After three month bedridden and several surgeries, Rolland had only one thing in mind: to get back on skis. Not to become a champion again, but to have a new goal and get out of his condition.

"I first had to learn how to walk again, then to run. My body reacted pretty well to recovery. After only five months, I was able to ski again, very slowly of course, but still."

Getting back on skis after such a short period of time was almost a miracle. As Rolland joked: "Even when you have a ruptured cruciate ligament, it takes longer!"

But if his body was back on track, he still had some psychological fears.

"I injured myself a lot during my career and I’ve never had apprehensions, but this time, I was scared. The only way to overcome that was to have pleasure again, learn back the basis and slowly redo some small jumps. And while the pleasure became bigger, the fears disappeared."

At some point, the desire to compete came back as well.

For his first competition after the Worlds in 2019, where he took silver, Rolland next participated in the 2021 World Championships in Aspen, USA. He finished eighth; a terrific result considering the two years he had lived before.

'Daddy on skis'

There is often a discussion around female athletes who juggle their motherhood and sporting careers, but less-so about fathers. And if there is one thing that has changed Kevin Rolland’s life, it is surely the birth of his two sons.

As if it was destiny, his first son Rio arrived a few days after he woke up from a coma. Two years later, after his first competition in Aspen, his second son Dali completed the family.

"It has changed lots of things, of course. I changed as a man but also as an athlete. I don’t have the same priorities.

"Before, when a competition didn’t go well, it was a big deal for me. Now, if things don’t go as planned, it is not a problem and I can find consolation with my family."

It is not a secret, in freestyle skiing, there is considerable risk.

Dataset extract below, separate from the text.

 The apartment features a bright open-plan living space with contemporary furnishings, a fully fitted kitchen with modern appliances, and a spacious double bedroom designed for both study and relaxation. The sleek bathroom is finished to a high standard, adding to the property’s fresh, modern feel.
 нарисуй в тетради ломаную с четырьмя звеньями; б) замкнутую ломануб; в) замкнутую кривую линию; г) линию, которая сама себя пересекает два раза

And when you become a father, you have to be aware of the risks you take.

"I still take risks, but they are more under control. Before, some events were so important to me that I was putting my [safety] after them and attempting things with a higher risk of injury. Today, I respect myself far more."

It will be a mistake to think that Kevin Rolland will not give his very best to climb on the podium at Beijing 2022, but he will also make sure that he comes back home in one piece.

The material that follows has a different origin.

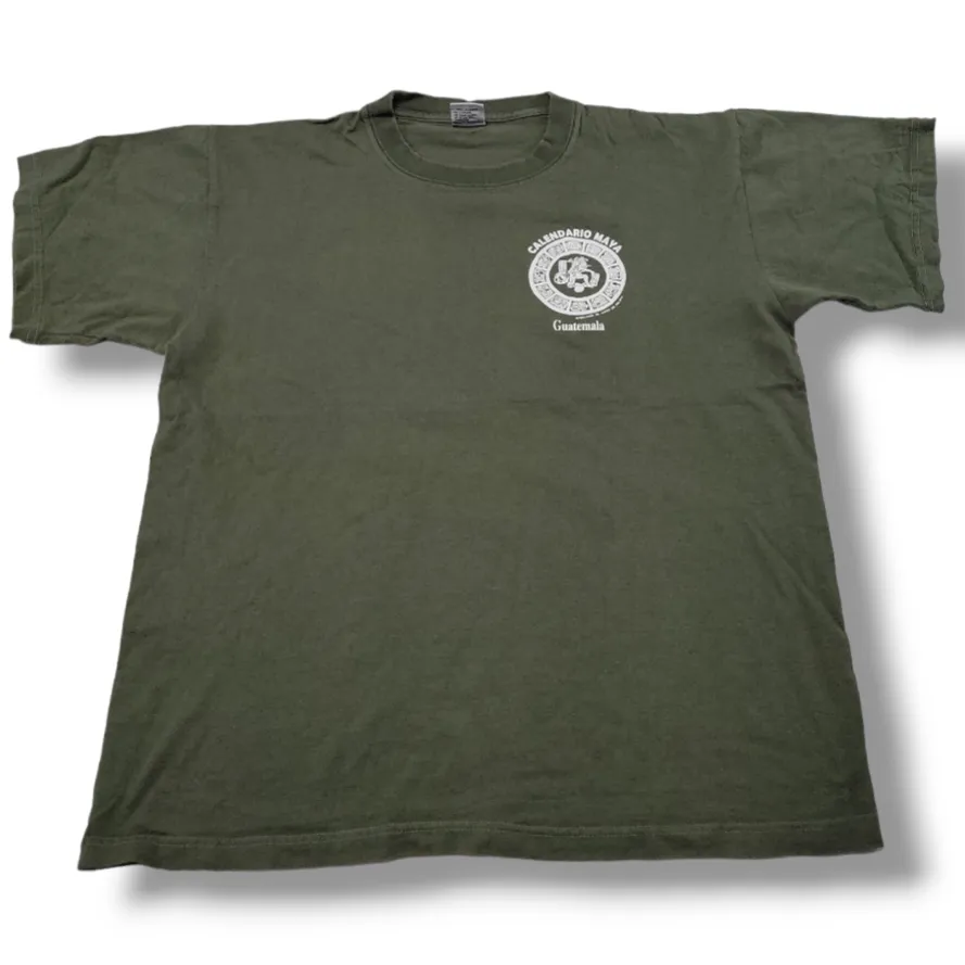 Mayan Shirt Size XL By Alex J.R. Graphic Tee Calendario Maya Guatemala Souvenir Unisex T-shirt Mayan Calendar Graphic Print T-Shirt Graphic Shirt Graphic Print Shirt Green 100% Cotton Made In Guatemala Used Condition See Pictures For Condition All Measurements Were Measured Flat Shoulders 20" Sleeves 7.5" Armpit To Armpit 22" Full Length 27" P2.8z

His age: a strength and a weakness

"The current world champion [Nico Porteous from New-Zealand] is 19 years old, I’m 32… I better get ready for this."

The new generation of freestyle skiers is coming fast. As well as Porteous there's also Rolland’s cousin Tess Ledeux, a 20-year-old double world champion in slopestyle and Big Air, or the Chinese sensation Eileen Gu, double world champion at only 18-years-old. Now, Rolland is one of the oldest skier on the international tour.

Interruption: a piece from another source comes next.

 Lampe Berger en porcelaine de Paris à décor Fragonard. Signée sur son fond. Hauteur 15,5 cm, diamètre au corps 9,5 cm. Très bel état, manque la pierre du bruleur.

It's a new position that involved some changes in his preparation.

"I do a lot of physical training. I feel that I’m getting older. It’s more difficult to recover and to have muscles, so I work a lot to improve my physical condition. I pay more attention to my food as well. And on skis, I prefer quality to quantity and I try to make the best of the time I spend during specific ski training [sessions]."

His long career also makes him one of the most experienced athlete on tour. If he qualifies for Beijing 2022, it will be his third participation at the Olympic halfpipe competition. Or put another way, he could participate at every Olympic halfpipe event since the sport was introduced into the Olympic programme in time for Sochi 2014.

"Our discipline is an outdoor sport so there are lots of components to deal with, like wind and snowfall. Having experience is really important in competition, and I think it is my strength today."

It's an experience that he likes to share, almost as a mentor, with Tess Ledeux, who is impressed by her cousins' career.

"He has an outstanding career and if I can have the same by the end of mine, I’ll be very proud of myself", confesses Ledeux, in an exclusive interview with

With his experience and a new, peaceful, state of mind, Kevin Rolland is back on the quest for Olympic glory.